RECORDS PROVIDED ::
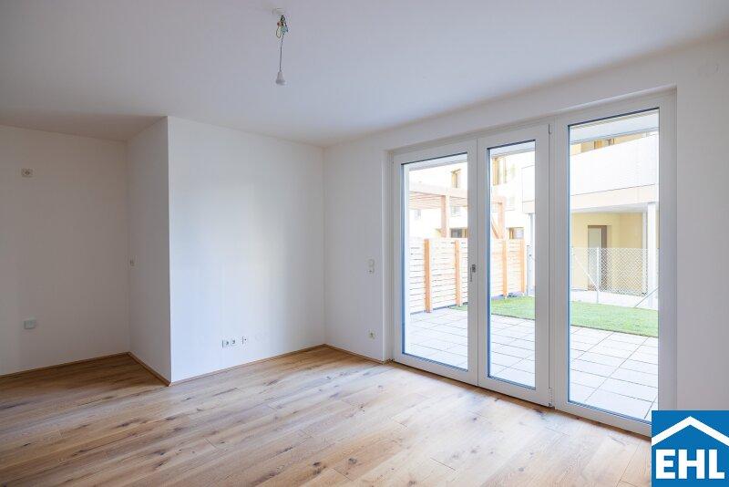 • offene Wohn-Ess-Bereiche mit Zugang zu Balkon, Terrasse oder Eigengarten
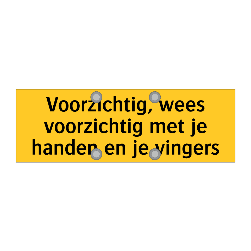 Waarschuwingsbord met de tekst Voorzichtig, wees voorzichtig met je handen en je vingers
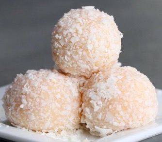 Gently dredge in the coconut flakes until totally covered. Place into paper bonbon cups.
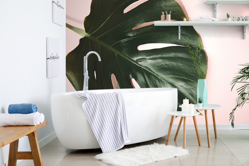 Samolepící fototapeta list monstery na růžovém pozadí
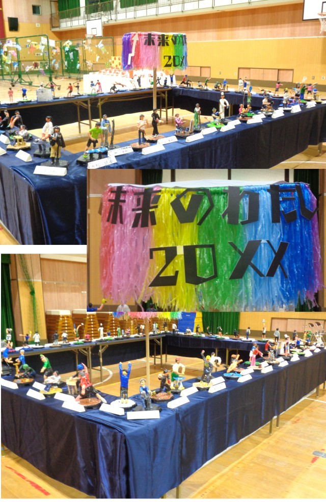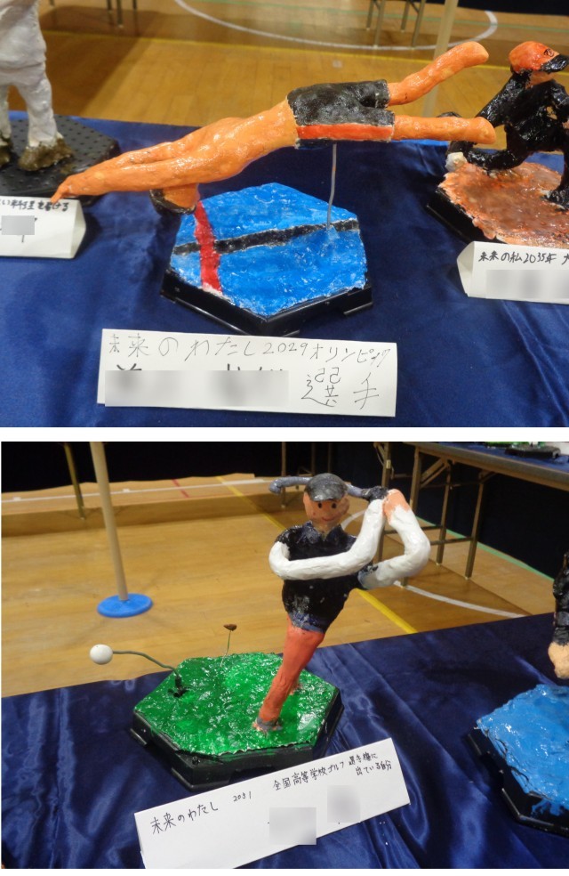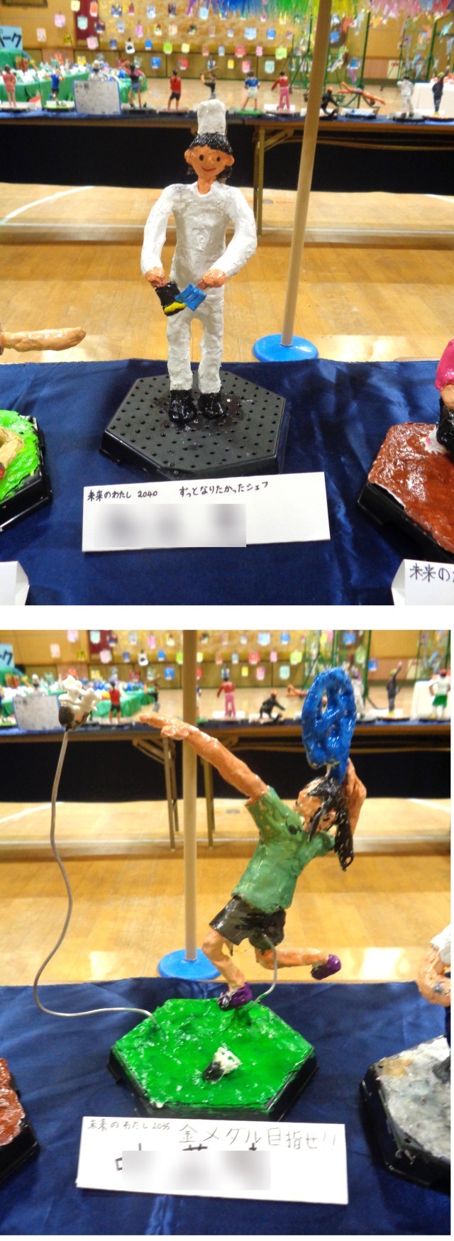6年生は、紙粘土に芯材を使った動きのある「未来のわたし 20XX年」です。将来の自分の夢を実現した姿を表現しています。

TASK TO COMPLETE :: Output all the data above verbatim, leaving out images.

WRITTEN ANSWER ::
 • offene Wohn-Ess-Bereiche mit Zugang zu Balkon, Terrasse oder Eigengarten
 Waarschuwingsbord met de tekst Voorzichtig, wees voorzichtig met je handen en je vingers
 Gently dredge in the coconut flakes until totally covered. Place into paper bonbon cups.
 Samolepící fototapeta list monstery na růžovém pozadí
6年生は、紙粘土に芯材を使った動きのある「未来のわたし 20XX年」です。将来の自分の夢を実現した姿を表現しています。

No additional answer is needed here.